WHAT IS BEING ASKED — Copy the data that appears below exactly. Drop the pictures.

--- DATA TO EXAMINE ---

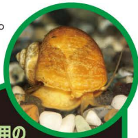
かんしょう用の ゴールデンアップルスネール

つかまえても、他の場所に持って行かないでね。飼っている貝は、池や川に放さないでね。
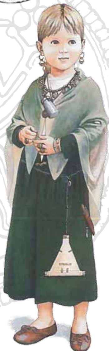
A frankfurti dóm alatt nyugvó előkelő lány viseletének rekonstrukciója (7–8. század fordulója), nyakában brakteátákkal

A vallástörténeti kutatás számára komoly problémát jelent egy-egy írott kultúrával nem rendelkező társadalom hiedelemvilágának és istenképzeteinek rekonstrukciója. Az ókor és kora középkor germán nyelvet beszélő csoportjainak a különböző magas kultúrákkal (így a görögökkel vagy a rómaiakkal) vívott fegyveres harcainak ismertetése mellett az antik szerzők révén megörökítésre került a barbárok hitvilága is. Ezek a tudósítások azonban sok esetben egyfajta szűrőn mentek keresztül, hiszen a görög és latin nyelven író szerzők gyakorta saját isteneikhez hasonló rendszerbe próbálták meg a germánok által tisztelt mitikus alakokat is beilleszteni. Igen komoly problémát és kihívást jelent a kutatás számára az a jelenség is, hogy a belső keletkezésű, a saját kultúrát megőrkítő leírások igen kések. A germán kultúrkör kozmológiájára vonatkozó belső keletkezésű munkák (az Eddák ) a 12–13. században íródtak, amikor már a korábbi vad vikingek leszármazottjai is a keresztény hitet vallották.
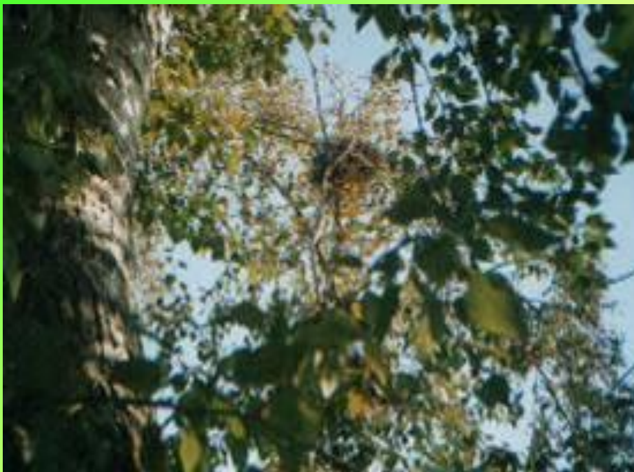
Гнездо цапли на берегу реки Иматка 2006

---

FINAL ANSWER —
かんしょう用の ゴールデンアップルスネール

つかまえても、他の場所に持って行かないでね。飼っている貝は、池や川に放さないでね。
A frankfurti dóm alatt nyugvó előkelő lány viseletének rekonstrukciója (7–8. század fordulója), nyakában brakteátákkal

A vallástörténeti kutatás számára komoly problémát jelent egy-egy írott kultúrával nem rendelkező társadalom hiedelemvilágának és istenképzeteinek rekonstrukciója. Az ókor és kora középkor germán nyelvet beszélő csoportjainak a különböző magas kultúrákkal (így a görögökkel vagy a rómaiakkal) vívott fegyveres harcainak ismertetése mellett az antik szerzők révén megörökítésre került a barbárok hitvilága is. Ezek a tudósítások azonban sok esetben egyfajta szűrőn mentek keresztül, hiszen a görög és latin nyelven író szerzők gyakorta saját isteneikhez hasonló rendszerbe próbálták meg a germánok által tisztelt mitikus alakokat is beilleszteni. Igen komoly problémát és kihívást jelent a kutatás számára az a jelenség is, hogy a belső keletkezésű, a saját kultúrát megőrkítő leírások igen kések. A germán kultúrkör kozmológiájára vonatkozó belső keletkezésű munkák (az Eddák ) a 12–13. században íródtak, amikor már a korábbi vad vikingek leszármazottjai is a keresztény hitet vallották.
Гнездо цапли на берегу реки Иматка 2006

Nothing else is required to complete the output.